Monday, October 30, 2017

Endless World

One more movie that I watched off my DVR because you can get it on DVD and Blu-ray is World Without End.

The movie starts off in the sometime not too far in the future from when the movie was made (1956), but far enough in the future that the first manned mission to Mars is going on, with four astronauts in the rocket: Dr. Galbraith (Nelson Leigh), John Borden (Hugh Marlowe), Herbert Ellis (Rod Taylor), and Hank Jaffee (Christopher Dark). The mission, which is really just a reconnaissance mission, seems to have gone successfully. At least, until it's time to turn around and head for home. At that point, they lose radio contact and something happens to send the rocket to a superfast speed, knocking all four men out. When they come to, the ship crash lands.

They discover that the atmosphere of the world outside is like that of Earth, so they head out. Indeed, the place seems strangely like Earth, except that there are no people. They find a cave, only to discover that there are giant spiders in it! And then they get to a cemetery and discover the truth: they're in Earth's distant future, at some point after a nuclear war.

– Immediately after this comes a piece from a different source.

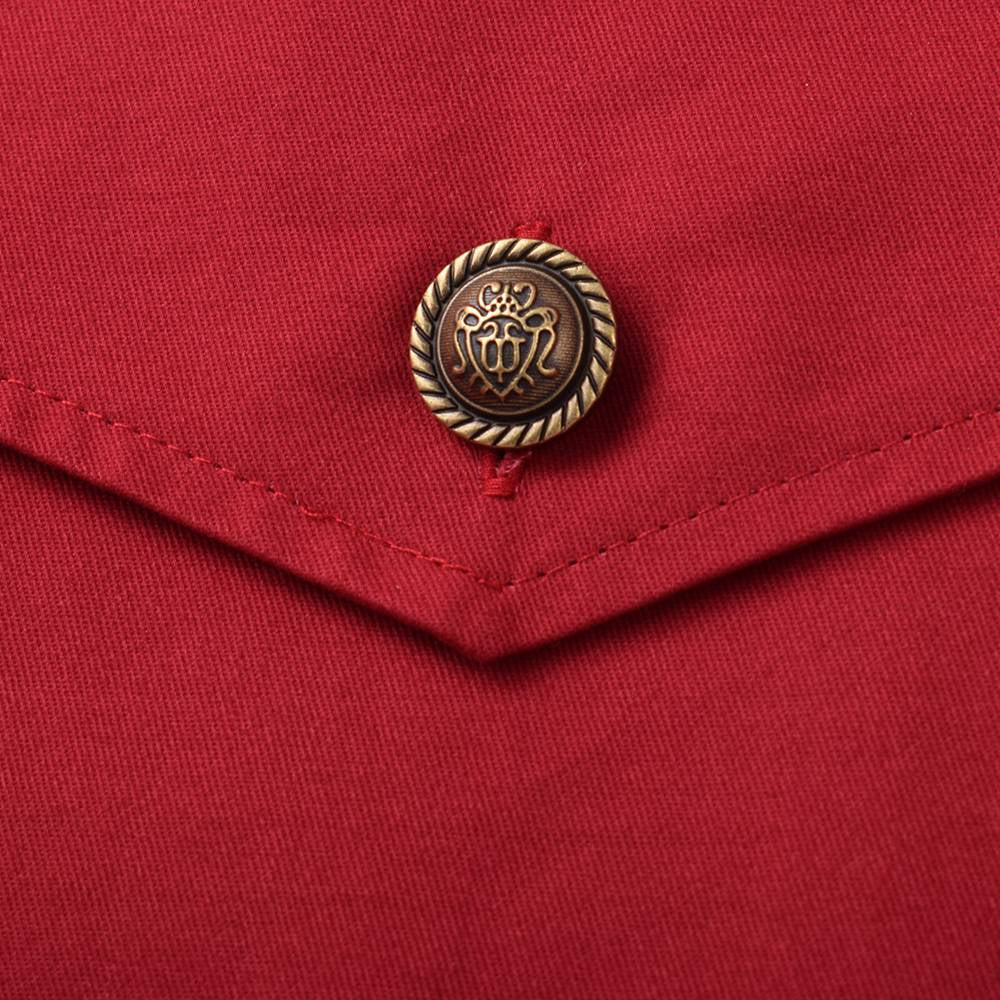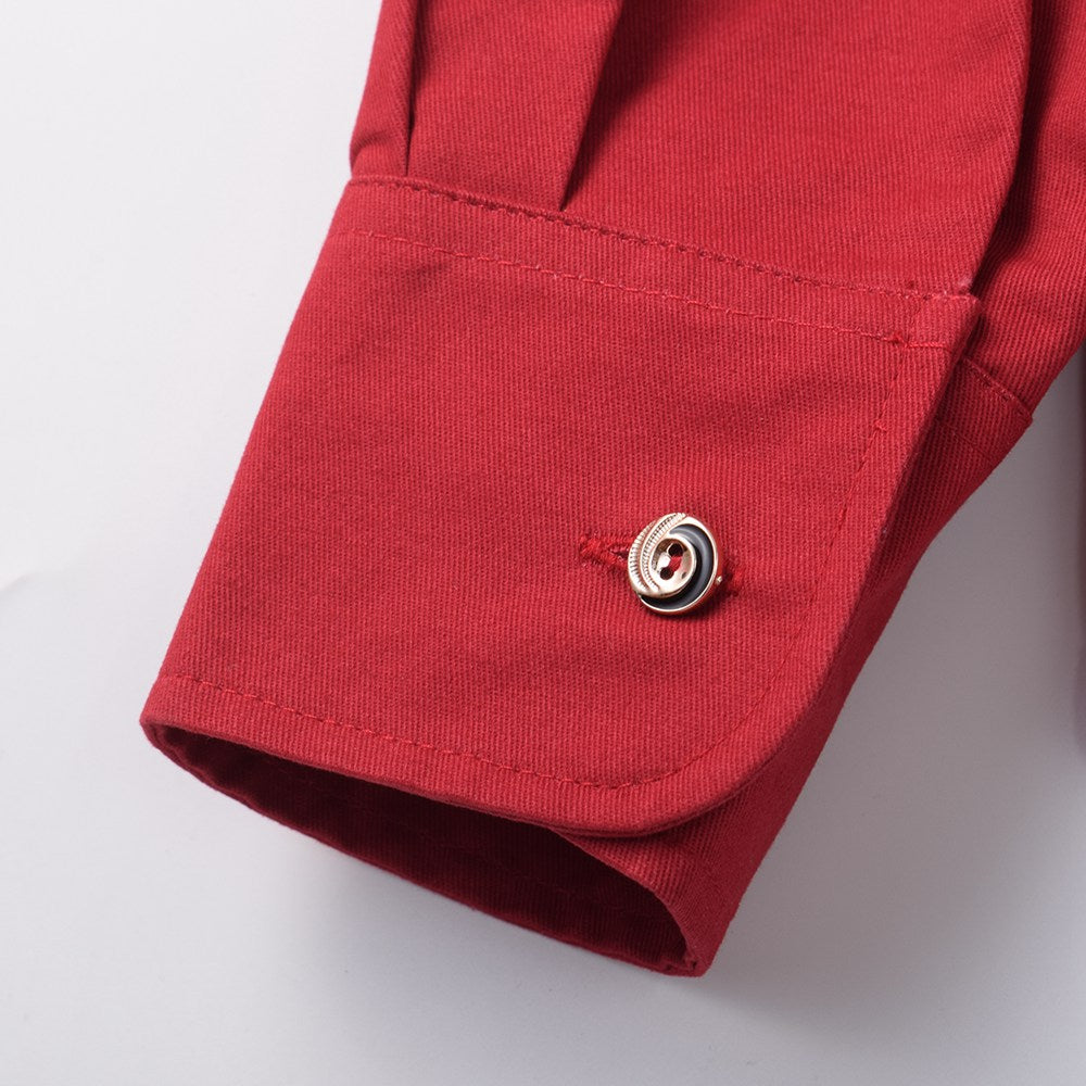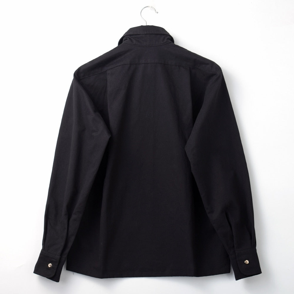 This structured and collared shirt with "bib" style buttoned chest panel and bell sleeves is giving us old west vibes. Ornate buttons on the chest and cuffs provide excellent design details.

Far enough that the radiation has dissipated, but they're still not certain quite far. Einstein's theory of relativity and the idea that an observer going extremely fast will see time pass much more slowly than a stationary observer at least from a fixed reference point like planet Earth. (The fact that Earth is moving doesn't matter here, as the time dilation really doesn't start to matter until you get close to speed of light. Even at 10% of the speed of light, the difference is only about one second every three minutes.)

They've got bigger problems than the fact that they're centuries in the future. The nuclear war left survivors, but they're all mutants. Not just those spiders, but mutant humans that live like cavemen except that some of them look more like cyclops. Our astronauts have to fight them, but they won't be able to hold off forever.

There's a bit of luck for them in that in one cave they come across a stainless steel door. It turns out that there are survivors who aren't mutants, and in order to survive the war they moved underground, staying there to escape the mutants. Timmek leads the underground people, while his daughter Gamet shows quite the interest in the astronauts from the past. In fact, all of the men seem to have no ambition, while the women are impossibly beautiful and friendly to the astronauts.

The astronauts eventually learn that this underground civilization is dying, and that the only way they can live is to move back above ground. They should have the technology to defeat the mutants, but the menfolk don't want any more violence. And they don't even want to help the astronauts start the new above ground civilization.

World Without End is quite good for what it is, which is a 1950s science fiction B movie. It's moderately intelligent, what special effects there are are generally not that bad (except for the spider in one scene), and the production values are high: the movie got the color and Cinemascope treatment. Sure, compared to prestige movies it's still low-budget and just science fiction. But it works and is more than entertaining enough.